Besorgt runzelte ich die Stirn. Reichte es denn nicht, dass er ein Trauma hatte? Musste er jetzt auch noch verrückt werden? Wieso musste das Leben so grausam sein?

„Vielleicht hast du dich getäu-"

„Nein! Ich bin mir sicher. Ich war tatsächlich dort. Nur nicht körperlich", widersprach mir Ryan.

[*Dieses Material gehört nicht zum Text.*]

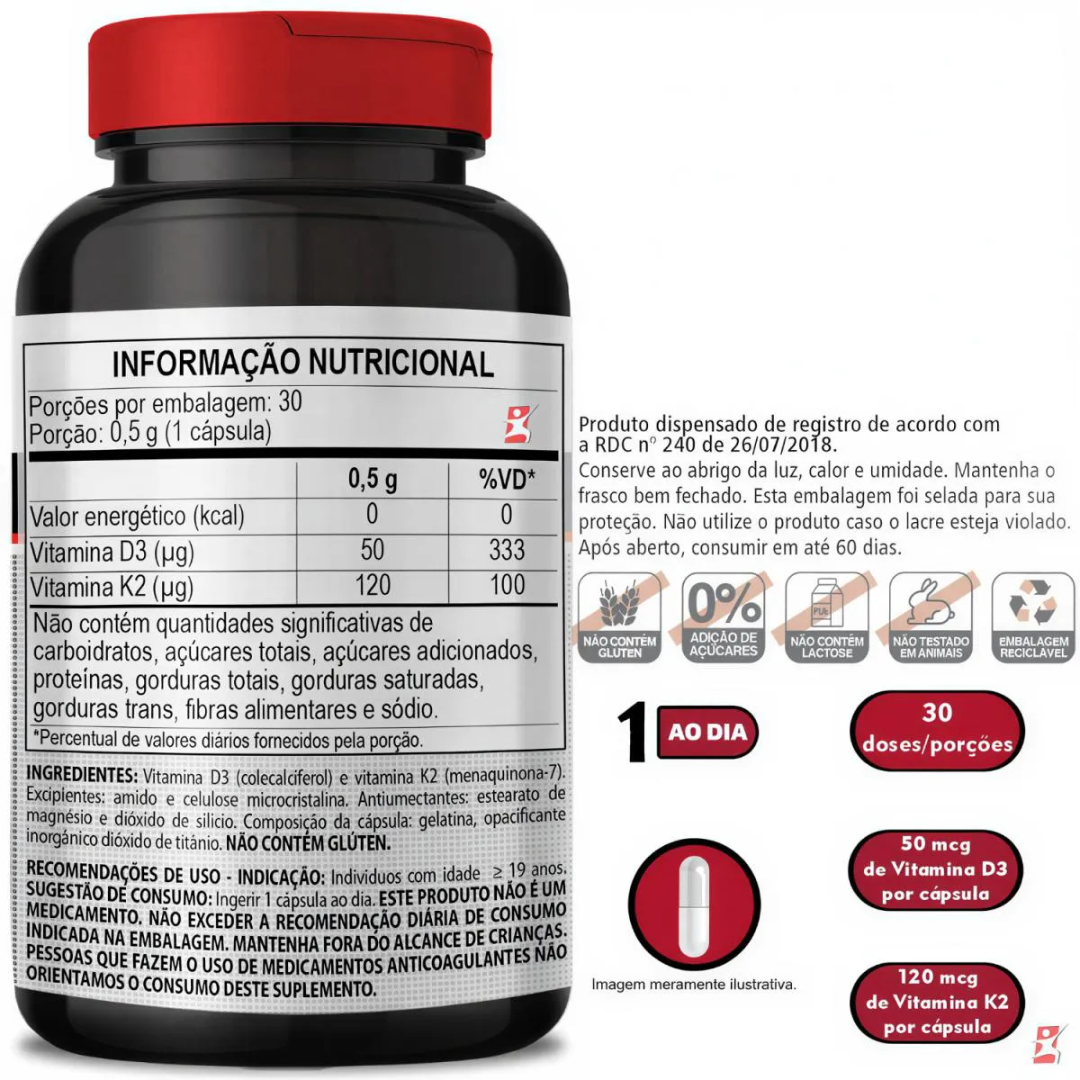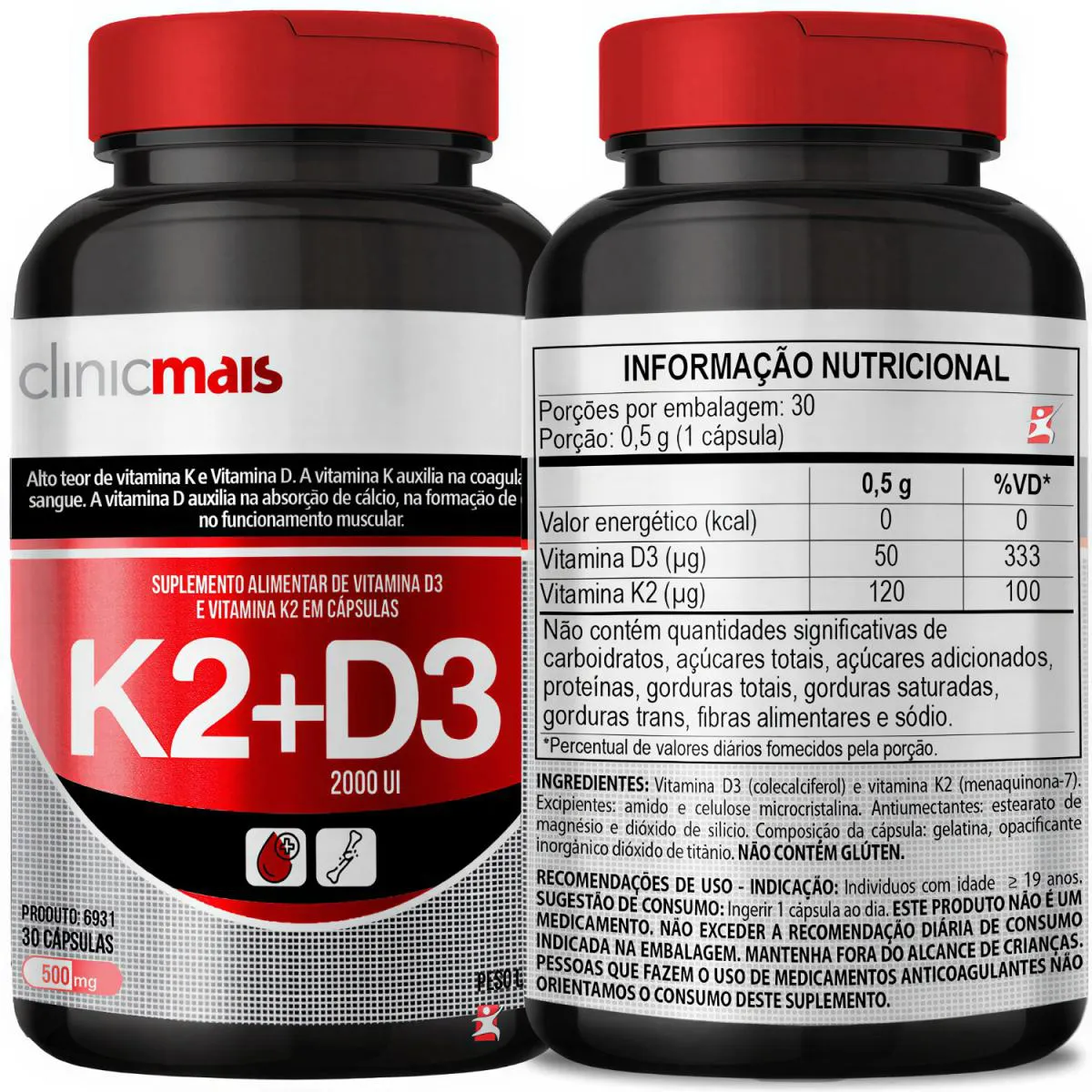 Vitamina K2 120Mcg + D3 50Mcg Menaquinona Mk7 30 Cápsulas - Clinicmais

Jetzt hatte er den Verstand verloren. Wäre er jünger, hätte ich das vielleicht als Spiel aufgefasst, aber mit zwölf Jahren war er für so etwas definitiv zu alt. Er wusste, dass ich mir Sorgen um ihn machte. Ich gab mir an seiner Verfassung die Schuld. Hätte ich ihn vor zwei Jahren nicht allein gelassen, wäre es bestimmt nie so weit gekommen. Hätte ich direkt nach ihm Ausschau gehalten. Wären wir doch bloß nicht ins Wasser gegangen.

„Fina? Hörst du mir überhaupt zu?"

Ryan hob seinen Kopf und schaute mich aus tiefblauen Augen an. Schnell schob ich meine Selbstvorwürfe beiseite und widmete ihm meine volle Aufmerksamkeit.

„Ich? Äh, ja... Was hast du gerade gesagt?"

Leichte Röte stieg in meine Wangen, was man im Dunkeln zum Glück nicht erkennen konnte. Ryan verdrehte die Augen und setzte erneut an.

„Der Hai hat gesprochen. Mir gedroht."

„Was hat er denn gesagt?"

Langsam wurde ich neugierig, dennoch überwog die Sorge um Ryans geistige Gesundheit.

„Wir sollen uns vom Meer fernhalten. Besonders du. Er drohte, wenn einer von uns das Meer noch einmal betreten sollte, würden wir das bereuen. Dann hat er zugebissen", erzählte Ryan.

Ich war für einen Moment sprachlos. Armer Ryan. Er durfte das nicht noch jemandem erzählen, sonst würde er definitiv für verrückt abgestempelt werden. In der Schule wurde er sowieso schon gemobbt, wegen seinen Fantasien und der Dinge, die er sah, die aber gar nicht wirklich existierten - vor einem Jahr hatte er behauptet, er hätte einen Mann gesehen, der sich in eine Möwe verwandelt hatte -, den Besuch eines Psychologen konnte er nicht gebrauchen.